Me Jean-Sébastien De Casalta, bâtonnier de l'ordre des avocats au barreau de Bastia.
- Quel est, dans ce dossier, l’élément le plus problématique ?
- Il ne faut pas perdre de vue la situation juridique dans laquelle nous nous trouvons. Deux décisions du Conseil constitutionnel ont retoqué des dispositifs qui proposaient qu’un régime spécifique et dérogatoire soit consacré par le législateur. La situation de désordre foncier, que connaît la Corse, ajoutée à la problématique de spéculation immobilière, mérite un traitement particulier. C’est juridiquement possible en l’état de la jurisprudence ancienne du Conseil constitutionnel. Les deux décisions, qu’il a prises, s’expliquent pour des raisons plus politiques que juridiques. La problématique s’inscrit dans cette toile de fond dans laquelle j’ai placé les quatre scénarii proposés. Il faut tenir compte de ces deux décisions et du fait que d’autres dispositifs dérogatoires ont été envisagés et sont en cours en Alsace-Moselle, à l’île Saint Martin ou en Polynésie française.
- De quels dispositifs dérogatoires bénéficient-elles ?

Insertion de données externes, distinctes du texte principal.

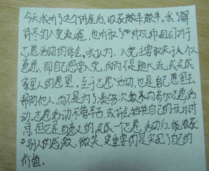 图为:参加分享会同学会后感受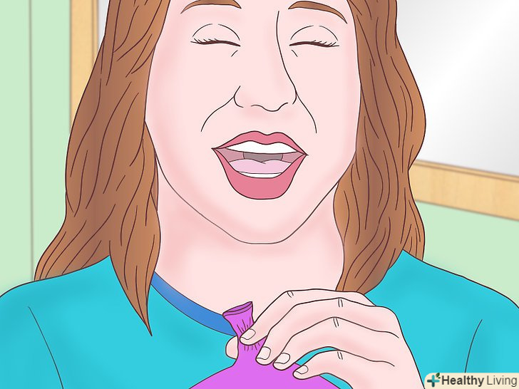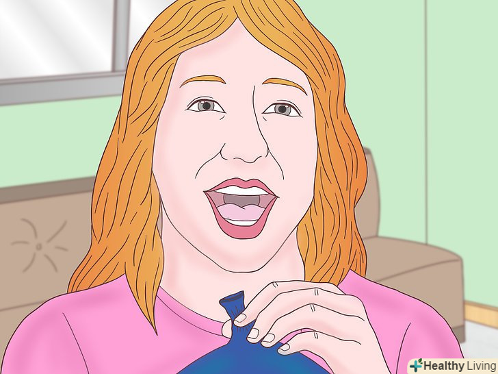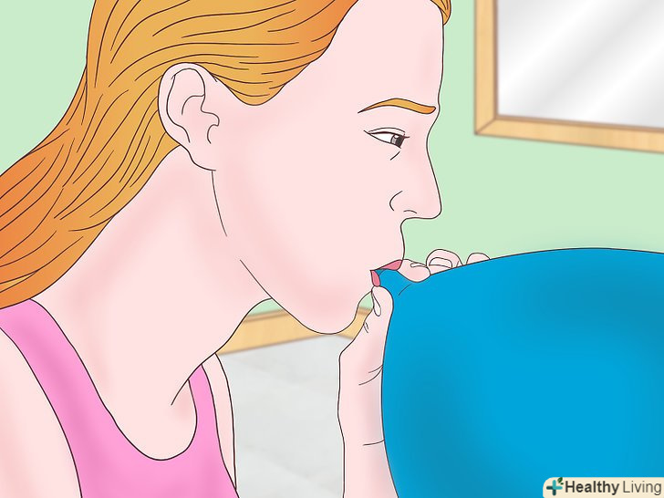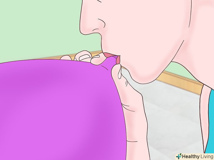 Вдихніть гелій.коли будете готові, розтисніть пальці навколо отвору, щоб випустити газ назовні. Піднесіть кульку до рота і зробіть глибокий вдих (2-3 секунд буде цілком достатньо).[1]- Якщо вам довелося проколоти отвір, то приберіть палець і піднесіть кульку до рота. Глибоко вдихніть, щоб наповнити легені гелієм. Робіть все так само, як якщо б вдихали повітря.

- D’un statut fiscal dérogatoire. Le dispositif en Alsace-Moselle est dérogatoire dans un certain nombre de domaines. Pour l’île Saint Martin ou la Polynésie française, c’est un dispositif fiscal qui a été validé. Donc, le principe de légalité autorise des dérogations. La jurisprudence européenne, qui a été rappelée lors du débat par le président de l’Assemblée de Corse, permet que des situations différentes puissent être traitées de manière différente. C’est cela qu’en réalité, nous soutenons. Nous le soutenons d’autant plus que ce principe nous permet de nous prévaloir de la légitimité d’un statut dérogatoire. Il est susceptible de conduire utilement une discussion qui, je l’espère, sera féconde et fertile et amènera le gouvernement, à considérer nécessaire et indispensable de proroger le dispositif dérogatoire des Arrêtés Miot, compte tenu de cette situation pathologique de désordre foncier.
- C’est-à-dire le quatrième scénario que vous proposez ? A-t-il votre préférence ?
- Difficile de se prononcer ! Le premier scénario est le plus pérenne et aurait ma faveur et, sans doute, celle de la majorité des Corses. Il instaure un dispositif dérogatoire qui permettrait le transfert de la compétence fiscale à la CTC, mais il nécessite une réforme de la Constitution, qui, nous le savons, est difficilement réalisable en l’état. Il en reste trois autres. Le second, qui est articulé sur l’article 72-2 de la Constitution, est un dispositif autonome. Il est considéré comme possible par des sachants qui se sont penchés sur la question. Il permettrait d’éviter une réforme de la Constitution. Bien mieux, les constitutionnalistes ont considéré que, ce traitement particulier à une situation paroxystiquement anormale étant conforme à la loi, le risque d’inconstitutionnalité serait moindre. Ce scénario peut être construit, mais il faut aller très vite pour le mettre en œuvre.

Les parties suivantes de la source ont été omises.